It's not meant to add to the conversation, it's meant to get people to shut up about giving advice on becoming successful.

There's no trick to it, you need to work and get lucky. Emphasis on the getting lucky. We don't need 1,000 thinkpieces from people who are already successful.

Give me an article from a person who can reflect on why they're not successful. That will be more interesting any day of the week.


> That will be more interesting any day of the week.

I doubt it. I'm not successful because I haven't even put in the work these articles lay out. And I definitely haven't gotten lucky. I assume millions of dollars definitely won't come my way until I at least do the part of the equation in my control.

Doesn't sound like a very interesting article to me.


> There's no trick to it, you need to work and get lucky. Emphasis on the getting lucky.

Pretty much everyone gets lucky eventually though. You might never hit a home run, but if you go to bat enough times then sooner or later you're going to get hit by the ball and walked to first.


The thing is running a marathon isn't that hard and there's little to no luck involved. By following a rigid plan most people can do it in about a year. Millions of people do it every year.
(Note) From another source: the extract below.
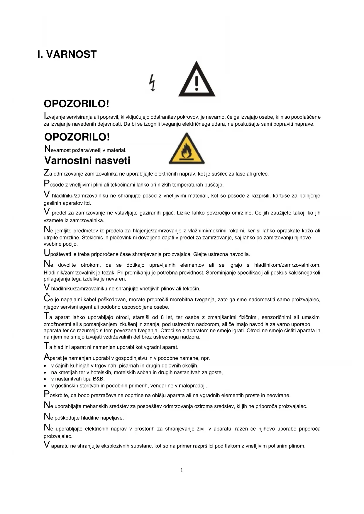 OPOZORILO! Izvajanje servisiranja ali popravil, ki vključujejo odstranitev pokrovov, je nevarno, če ga izvajajo osebe, ki niso pooblaščene za izvajanje navedenih dejavnosti. Da bi se izognili tveganju električnega udara, ne poskušajte sami popraviti naprave. OPOZORILO! Nevarnost požara/vnetljiv material. Varnostni nasveti Za odmrzovanje zamrzovalnika ne uporabljajte električnih naprav, kot je sušilec za lase ali grelec. Posode z vnetljivimi plini ali tekočinami lahko pri nizkih temperaturah puščajo. V hladilniku/zamrzovalniku ne shranjujte posod z vnetljivimi materiali, kot so posode z razpršili, kartuše za polnjenje gasilnih aparatov itd. V predel za zamrzovanje ne vstavljajte gaziranih pijač. Lizike lahko povzročijo omrzline. Če jih zaužijete takoj, ko jih vzamete iz zamrzovalnika. Ne jemljite predmetov iz predela za hlajenje/zamrzovanje z vlažnimi/mokrimi rokami, ker si lahko opraskate kožo ali utrpite omrzline. Steklenic in pločevink ni dovoljeno dajati v predel za zamrzovanje, saj lahko po zamrzovanju njihove vsebine počijo. Upoštevati je treba priporočene čase shranjevanja proizvajalca. Glejte ustrezna navodila. Ne dovolite otrokom, da se dotikajo upravljalnih elementov ali se igrajo s hladilnikom/zamrzovalnikom. Hladilnik/zamrzovalnik je težak. Pri premikanju je potrebna previdnost. Spreminjanje specifikacij ali poskus kakršnegakoli prilagajanja tega izdelka je nevaren. V hladilniku/zamrzovalniku ne shranjujte vnetljivih plinov ali tekočin. Če je napajalni kabel poškodovan, morate preprečiti morebitna tveganja, zato ga sme nadomestiti samo proizvajalec, njegov servisni agent ali podobno usposobljene osebe. Ta aparat lahko uporabljajo otroci, starejši od 8 let, ter osebe z zmanjšanimi fizičnimi, senzoričnimi ali umskimi zmožnostmi ali s pomanjkanjem izkušenj in znanja, pod ustreznim nadzorom, ali če imajo navodila za varno uporabo aparata ter če razumejo s tem povezana tveganja. Otroci se z aparatom ne smejo igrati. Otroci ne smejo čistiti aparata in na njem ne smejo izvajati vzdrževalnih del brez ustreznega nadzora. Ta hladilni aparat ni namenjen uporabi kot vgradni aparat. Aparat je namenjen uporabi v gospodinjstvu in v podobne namene, npr.

However if you followed all of Sam's advice to the letter you could remain relatively unsuccessful despite all that advice. That's what survivorship bias is about: there's a significant luck component to success.


It would be warranted if you explained how to run a marathon the same way people explain how to be successful. Which you probably wouldn't.


> If I tell you how I ran a marathon, you could shout "survivorship bias!" But that fact still stands that I hadn't successfully run a marathon before I did those things.

Well, yeah, the whole point is that we don't know how many people did those same things and then failed to complete a marathon.


No, it is to distinguish activities that worked versus activities that are inconsequential. That way you can identify how to get the most bang for your time and energy.